** Supplied data **
--------------------

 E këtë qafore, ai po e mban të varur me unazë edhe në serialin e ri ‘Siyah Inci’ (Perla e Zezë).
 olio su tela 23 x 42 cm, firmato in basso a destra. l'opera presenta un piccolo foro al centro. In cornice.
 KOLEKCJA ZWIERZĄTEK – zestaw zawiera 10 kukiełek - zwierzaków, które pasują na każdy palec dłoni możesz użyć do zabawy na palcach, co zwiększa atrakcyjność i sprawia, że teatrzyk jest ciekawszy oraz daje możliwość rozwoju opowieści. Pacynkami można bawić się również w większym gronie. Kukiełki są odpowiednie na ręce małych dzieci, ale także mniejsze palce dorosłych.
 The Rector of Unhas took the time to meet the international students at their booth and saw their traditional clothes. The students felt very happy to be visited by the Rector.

--------------------

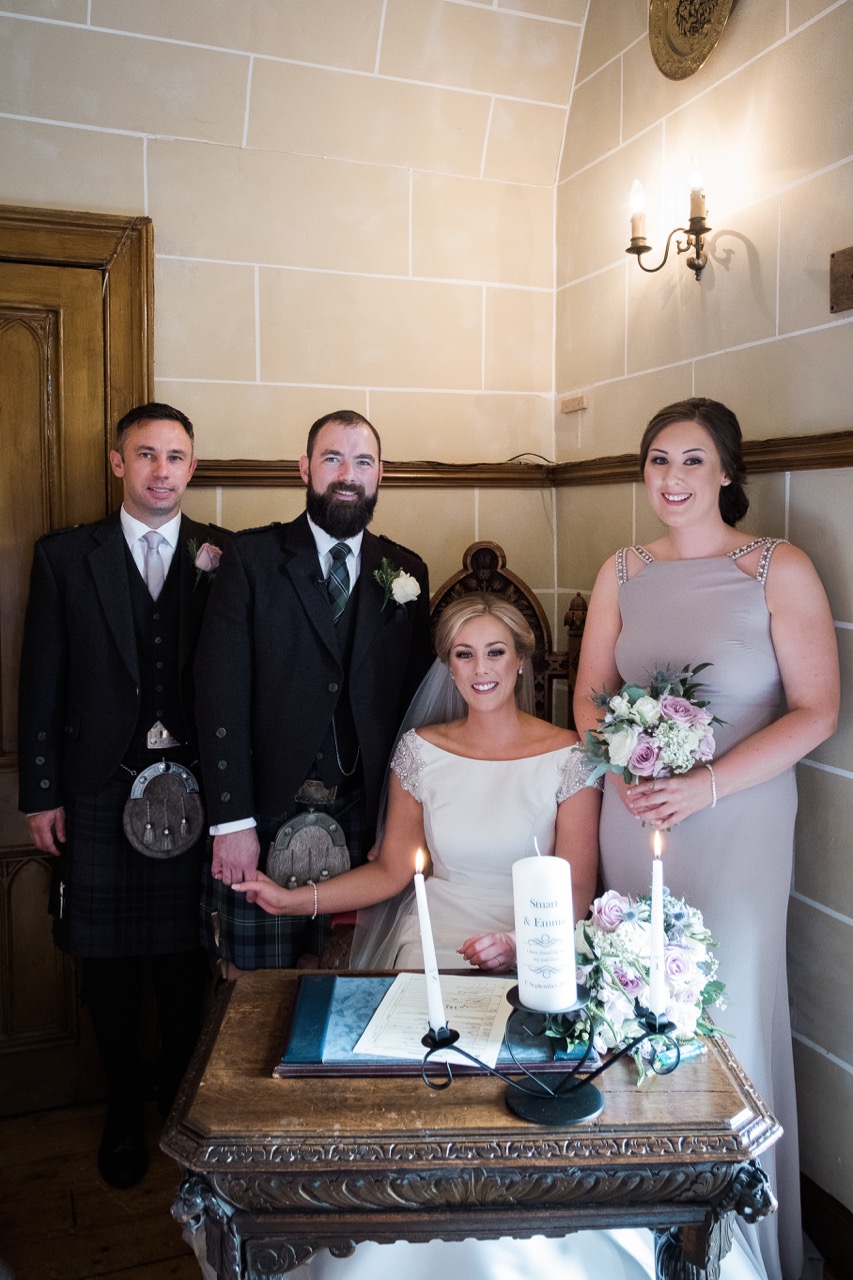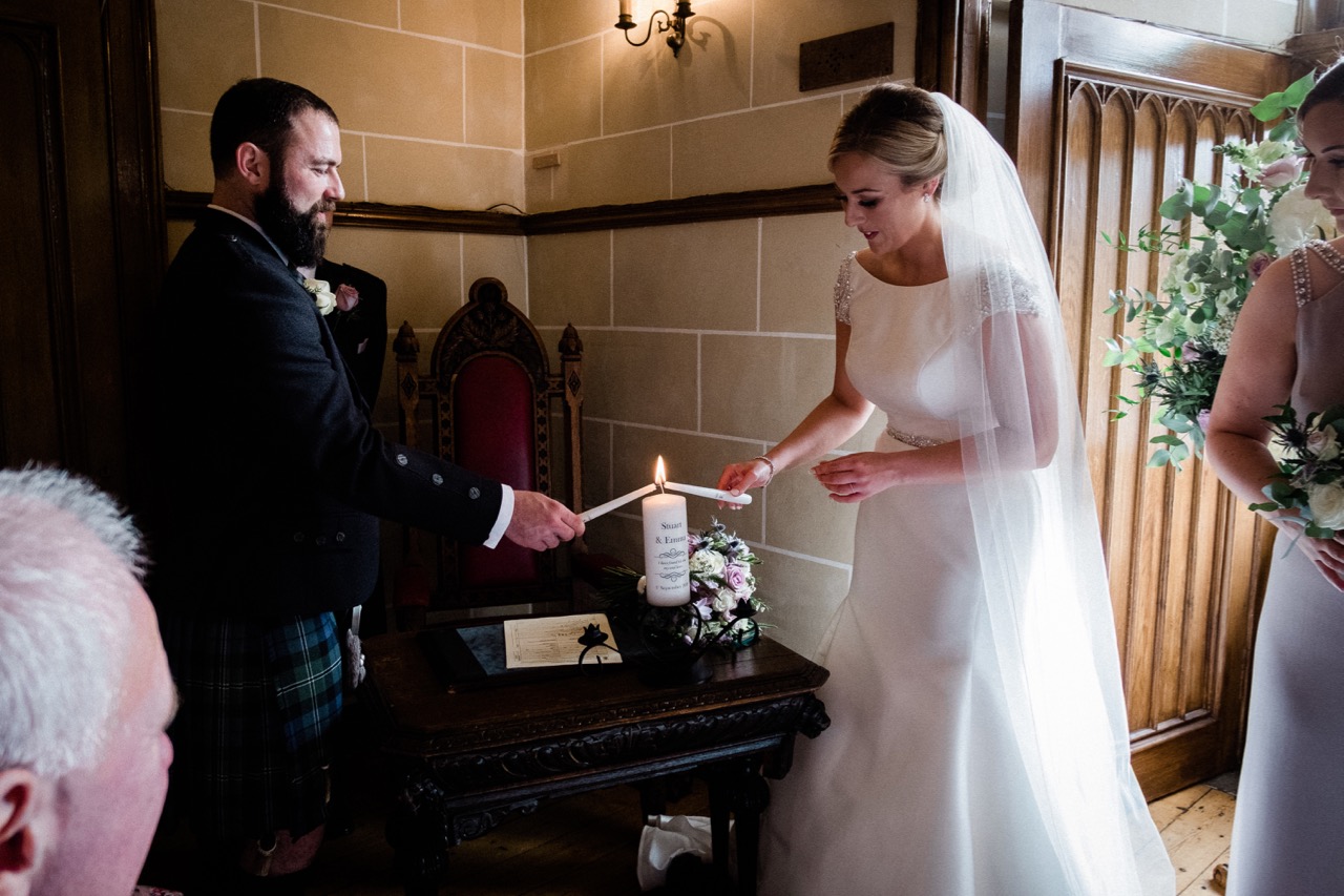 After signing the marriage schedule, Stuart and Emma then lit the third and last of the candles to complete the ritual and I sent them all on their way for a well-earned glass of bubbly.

--------------------

** Exercise objective **
Please copy, exactly as written, every line in the listing above from the line with "E këtë qafore, ai" up to and including the line with "olio su tela".

** Answer to this task **
 E këtë qafore, ai po e mban të varur me unazë edhe në serialin e ri ‘Siyah Inci’ (Perla e Zezë).
 olio su tela 23 x 42 cm, firmato in basso a destra. l'opera presenta un piccolo foro al centro. In cornice.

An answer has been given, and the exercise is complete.